Jose Ramon Lopez Regueiro claims to be the sole heir of the once privately-owned Havana airport -- and he is preparing to sue in US courts to recover the property confiscated in Cuba under Fidel Castro.
The case is the result of President Donald Trump's administration announcement in April that it would allow lawsuits in US courts over properties seized by Cuba's communist government, enforcing a provision of the 1996 Helms-Burton Act that had been waived by successive presidents.
"I'm very optimistic that justice will finally be served. I've been waiting 60 years for this moment," Lopez Regueiro told AFP.
The plaintiff was just six years old when his father, Jose Lopez Vilaboy, fled Cuba after revolutionaries overthrew his close friend, dictator Fulgencio Batista.
He was the main shareholder of Havana's Rancho Boyeros airport, and of the Cubana de Aviacion airlines, four hotels and a newspaper, among other properties confiscated by Castro.
But starting Thursday, Cuban-Americans with US citizenship can seek compensation in US courts from the Cuban government or private companies for their "stolen" properties on the island.
"First I'm going to file my claim for the Havana airport and Cubana de Aviacion," said the 65 year-old Lopez Regueiro.
He claims that in 1958 the terminal was worth $24 million.
He also plans to sue all airlines that use the airport -- which include the likes of American Airlines, Aeromexico, Air Canada, Air France and Iberia.
- After the 'Troika of Tyranny' -
The airport case is just one of hundreds of similar claims that could inundate courts in south Florida, home to the largest community of Cuban-Americans in the country, some two million strong.
Another is that of Javier Garcia Bengochea, a Cuban-American expected to sue the Carnival Cruise Line for using a confiscated port terminal.
Nick Gutierrez, a member of Garcia's legal team, told Radio Television Marti -- which broadcasts from Miami to Cuba -- that the port of Santiago de Cuba belongs to his client's family.
Carnival appeared unfazed by the prospects of a lawsuit. "We continue to offer our normal cruise schedule to Cuba for our guests," company spokesman Roger Frizzell told AFP.
The European Union and Canada have expressed displeasure over the US action, concerned that the property disputes will ensnare their citizens who do business in the island.
Apart from how individual cases are resolved and whether US judgments are honored, opening the floodgates of lawsuits is "a tremendous complication for Cuba," lawyer Juan Poblete told AFP.

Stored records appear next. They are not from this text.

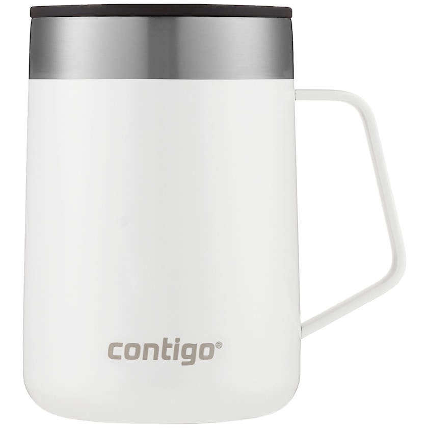 Mug isotherme en acier inoxydable Contigo. Le mug est à isolation sous-vide, et permet de garder les boissons chaudes pendant 5 heures, froides pendant 15 heures. Le couvercle possède une ouverture avec rabat qui permet d'éviter les fuites ou écoulements accidentels. Convient à la plupart des machines à café. Facile à nettoyer. Les instructions d'utilisation sont incluses.
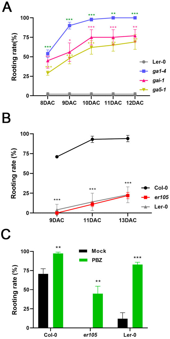 Reanalysis of GA biosynthesis and GA signaling mutants reveals (i) negative effects of GA and (ii) positive effects of ER signaling on DNRR in darkness. (A) Rooting rate time course: rooting rate of three GA mutants, ga1-4, ga5-1, and gai-1, are significantly higher than those in wild type (Ler-0). (B) Rooting rate time course: in comparison to wild-type Col-0, rooting was almost abolished in leaf explants of both er-1 (Ler-0) and er-105 (Col-0) mutants. (C) Treatment with 5 µM PBZ can recue low rooting rates of both er-1 (Ler-0) and er-105 (Col-0) mutants (9 DAC). (A–C) Average values are shown, ± SEM. Asterisks indicate significant changes (Student’s t-test: * p < 0.05; ** p < 0.01; *** p < 0.001).
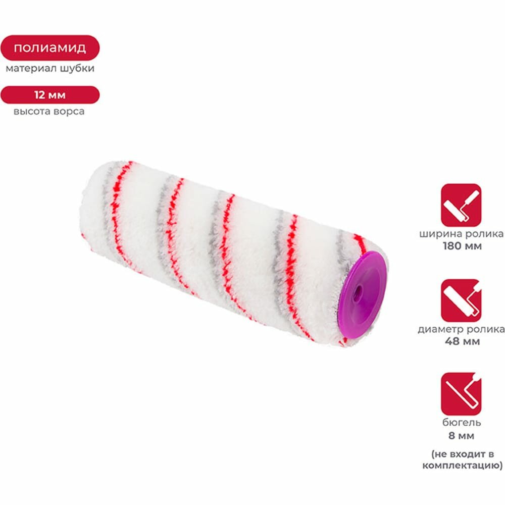 Валик выполнен из полиамида и имеет высоту ворса 12 мм. Ширина ролика 180 мм, диаметр 48 мм. Валик обеспечивает равномерное нанесение состава на гладкие поверхности.
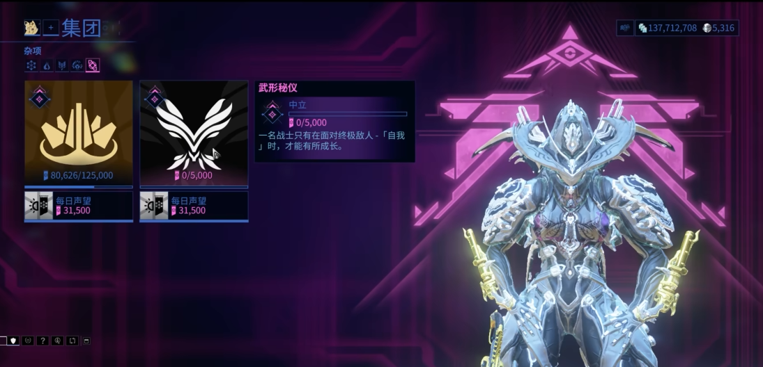 接下来要刷集团声望,这是解锁高级装备和资源的必经之路。六大集团的每日任务尽量做完,佩戴对应纹章能额外增加声望获取速度。平原地区的赏金任务也是声望来源,比如地球的夜灵狩猎或金星的蜘蛛挑战。声望有每日上限,优先完成高收益任务。如果时间紧张,可以专注刷大黄脸的结合扫描任务,既能拿专精点数又能换声望。
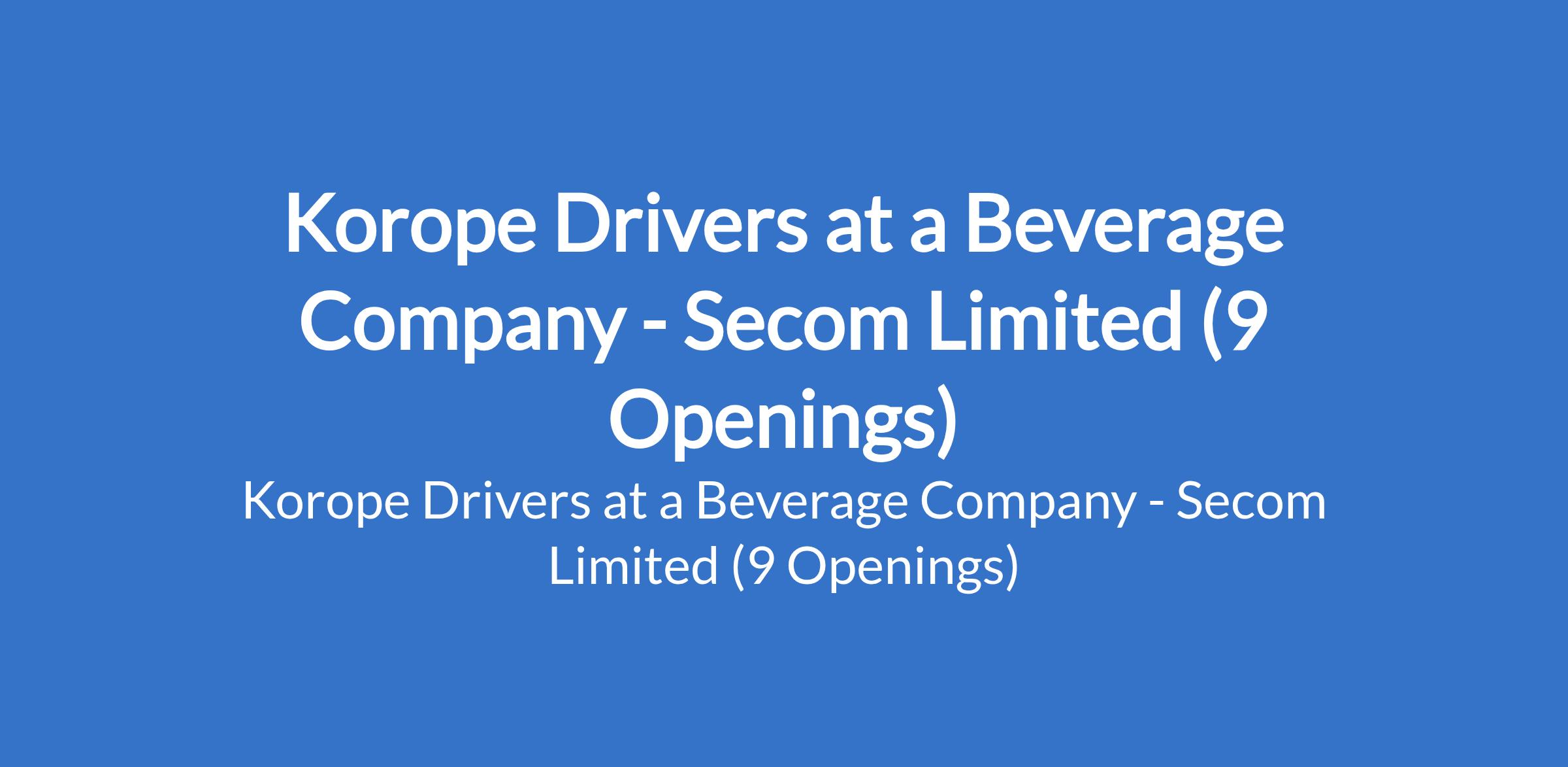 Secom Limited - Our client, a Beverage Company is recruiting to fill the position of: Korope Driver. The position is located in VGC, Marina, Satellite Town, Ibeju - Lekki, Ebute Metta, and Obalende - Lagos State. Salary: N80,000 N100,000 monthly. Interested candidates should possess relevant qualifications with experience.
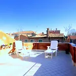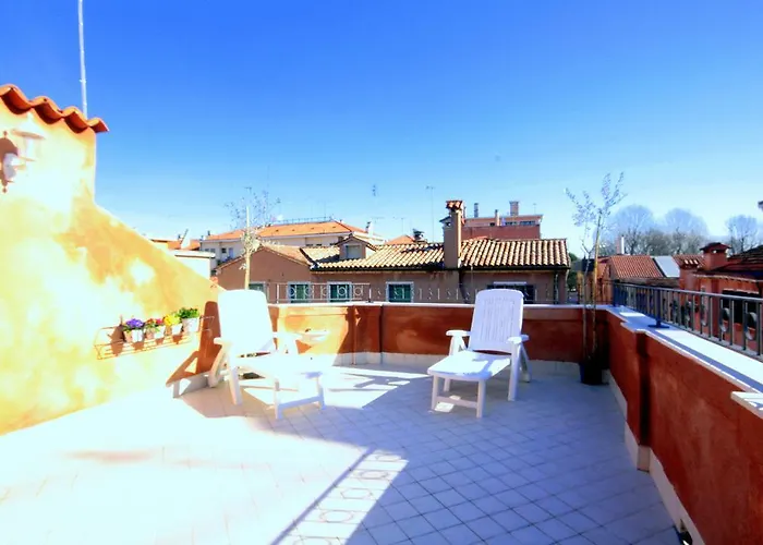 2-slaapkamer Terrazza Biennale Appartement ligt op 5 minuten rijden van de Rialtobrug. Dit appartement van 110 m^2 is voorzien van een terras met uitzicht op de tuin
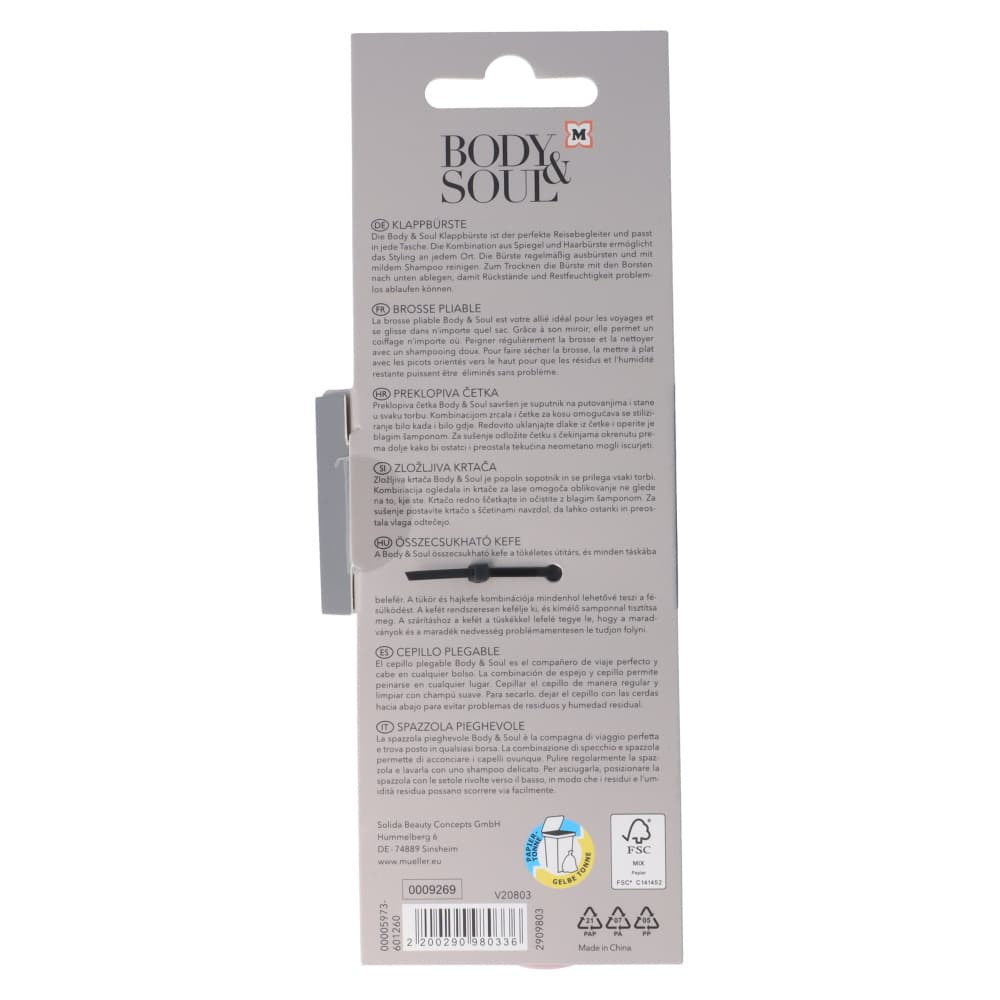 Die Body&Soul Klappbürste ist der perfekte Reisebegleiter und passt in jede Tasche. Die Kombination aus Spiegel und Haarbürste ermöglicht das Styling an jedem Ort. Die Bürste regelmäßig ausbürsten und mit mildem Shampoo reinigen. Zum Trocknen die Bürste mit den Borsten nach unten ablegen, damit Rückstände und Restfeuchtigkeit problemlos ablaufen können.
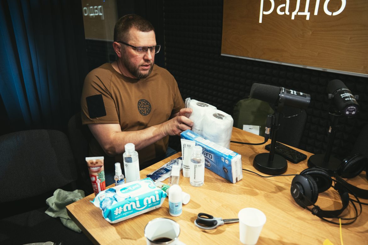 «Набір із чотирьох рулонів туалетного паперу, велика пачка сухих серветок — десять штук. Рушник досить великого розміру. Гребінець, три одноразові станки, зубна щітка, гель для душу, велика пачка вологих серветок, антисептик, велика зубна паста, гель для гоління, шампунь, антиперспірант і крем для рук», — перелічив він.
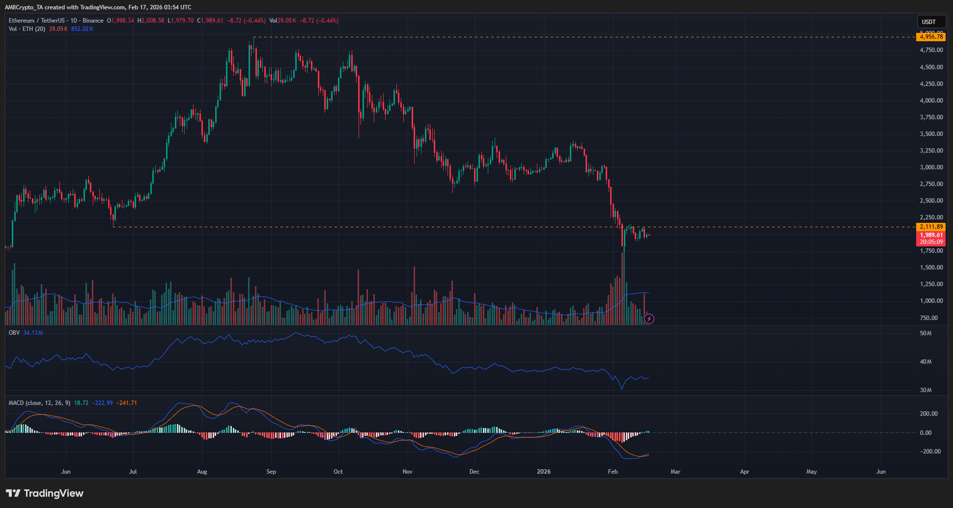 Ethereum [ETH] fell below its long-term swing low at $2,111, set in June 2025. Over the past 10 days, this former low has served as resistance, rebuffing bulls’ attempts to push the prices higher.
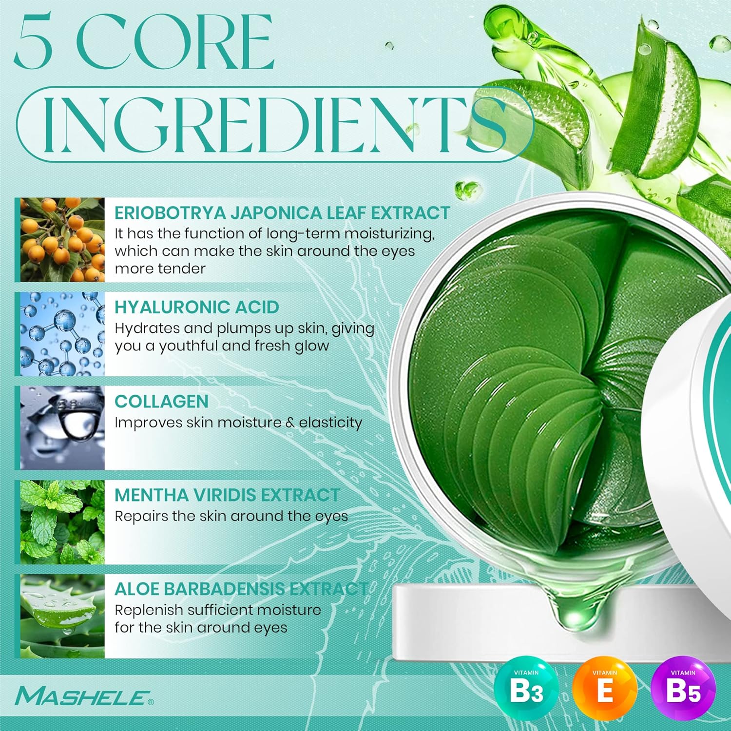 - ✅ [ Moisturizing & Hydrating Under Eye Patches ] Natural anti-wrinkle ingredients that provide a long-lasting moisturizing effect using under eye mask for the skin around the eyes. Your skin will be refreshed and hydrated from the very first use of MASHELE under eye mask patches
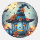 Sticker Rond Blue Halloween Pumpkin Jack-o-lantern
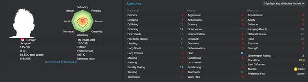 Taking a glance at his starting ratings Enes doesn’t look like a world class material player. But then again, if we take in consideration just the attributes needed for a quality striker, such as his Finishing (14), Composure (11), Flair (14), and Pace (12), we can say that this kid does show promise for a good future development. It depends from save to save on how he is going to develop, as he has Potential Ability attribute set at -9, which can range anywhere from 150 -180.
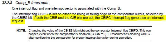 事实证明、他们是自助清算、我们花了一些时间才发现这一事实。  如果在线路之间读取、我假设可以读取突出显示的句子、表示"只要 GIE 被置位、并且 CBIE 和 CBIFG 或者 CBIIE 和 CBIIFG 都被置位、就会继续生成一个中断请求"、 但是、这当然没有在我身上跳出来、因为我熟悉比较器 A+的行为。
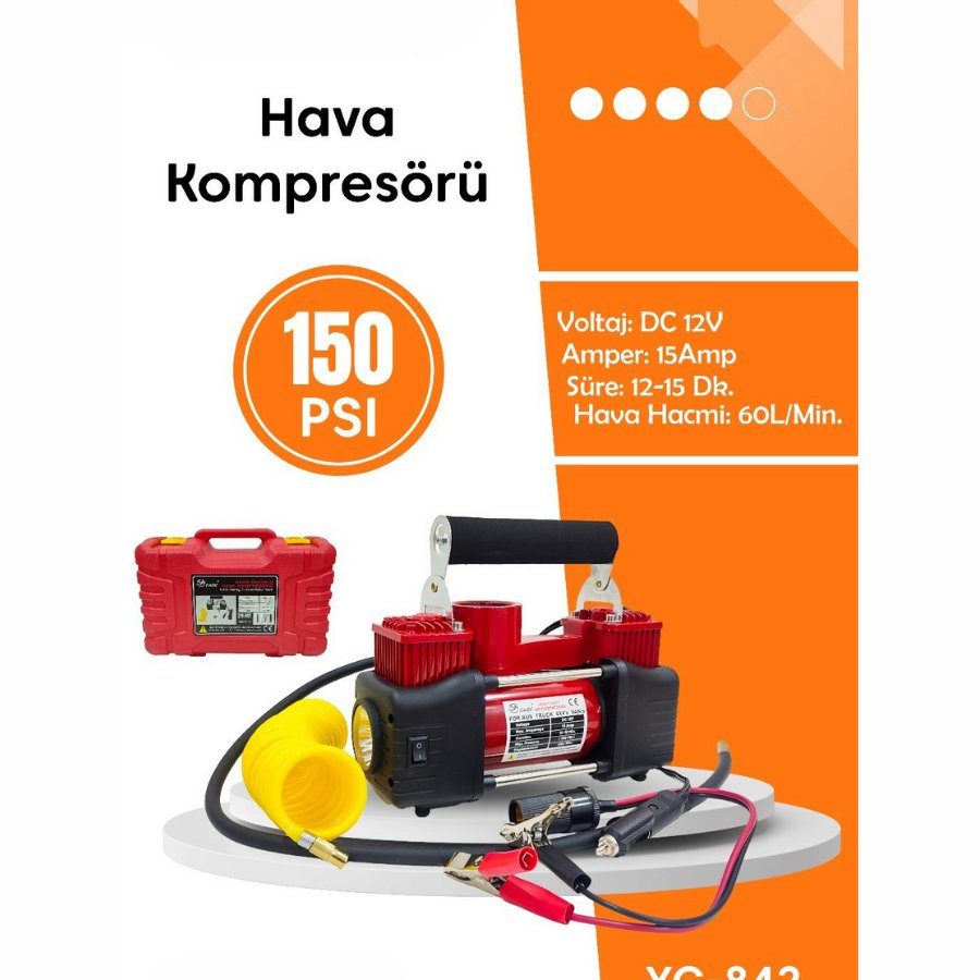 HAVA KOMPRESÖRÜ 12V 15AMP 150 PSI FENERLİ ÇANTALI YG-842
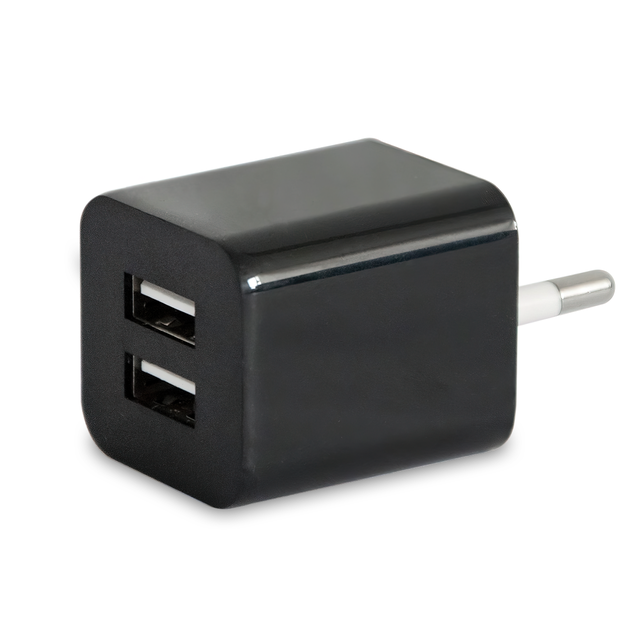 Адаптер питания CUBE Pro от сети 100-240 В, 2 USB, 1А/2.1A, черный, глянцевый
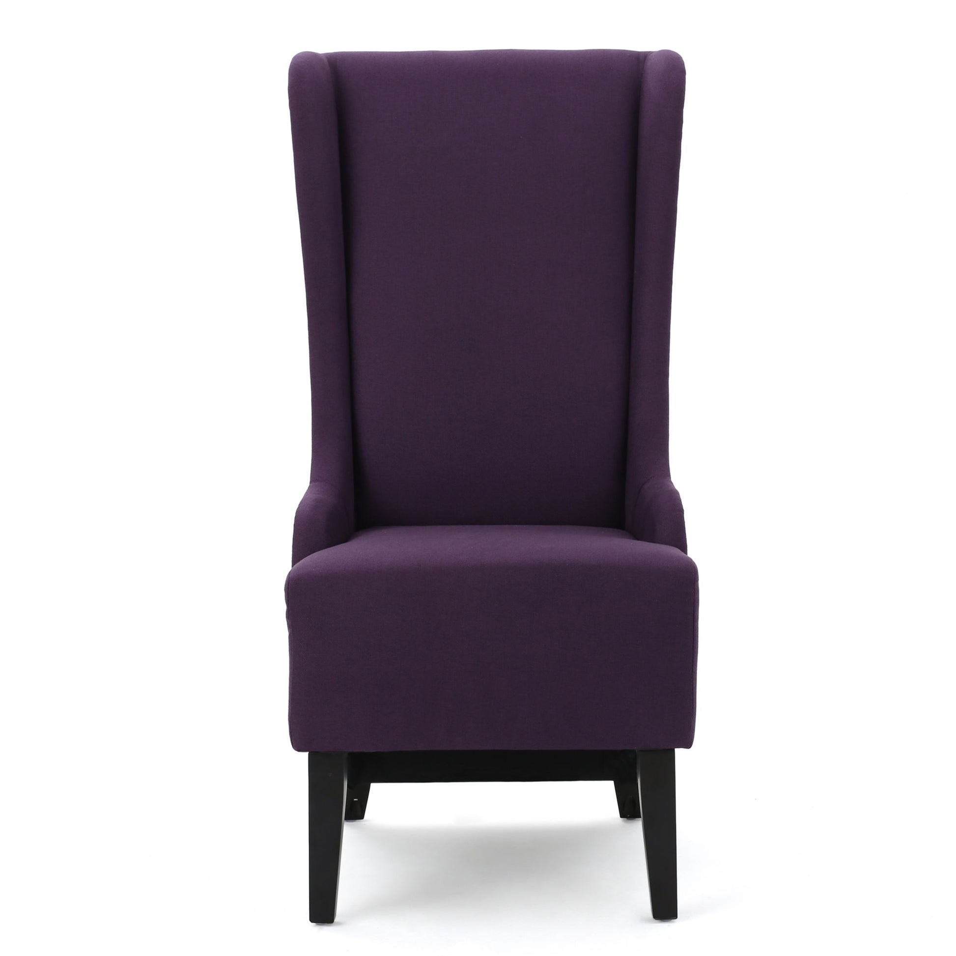 Fabric Dining Chair With High Back And Birch Wood Legs - Plum
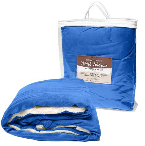 - 100% polyester, one side faux micro mink, other side faux lambswool sherpa
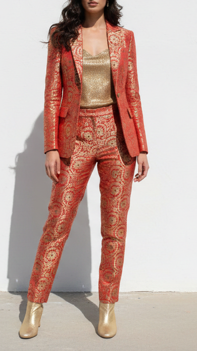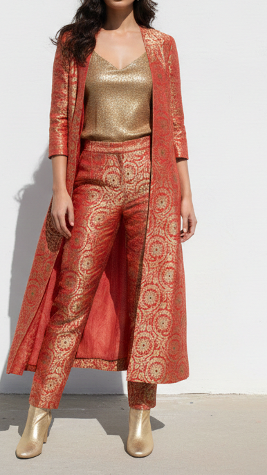 Perfect for lehenga, sarees, anarkalis, jackets, ethinic jumpsuits, sherwani, etc. The rich look of this fabric is ideal for festive outfits, wedding attire & traditional wear.

Investors with interests in the United States will think twice before entering into transactions involving confiscated properties, he said.
Former president Barack Obama had eased restrictions on Cuba, considering that the US's half-century-old policy of isolating the island had failed.
But Trump has moved in the opposite direction, tightening sanctions against what he calls the "troika of tyranny" -- Cuba, Nicaragua and Venezuela.
The activation of the provision of the Helms-Burton Act seeks to weaken the Cuban government, which Washington considers the puppet master of Venezuela's President Nicolas Maduro and Nicaragua's President Daniel Ortega.
Marcell Felipe, who serves as a consultant to law firms on the legislation, believes it will weaken the Cuban government by depriving it of resources used to control the population.
Besides defending property rights and the rule of law, he said, lawsuits "are an important weapon to deprive the families of the generals of fresh money from investors."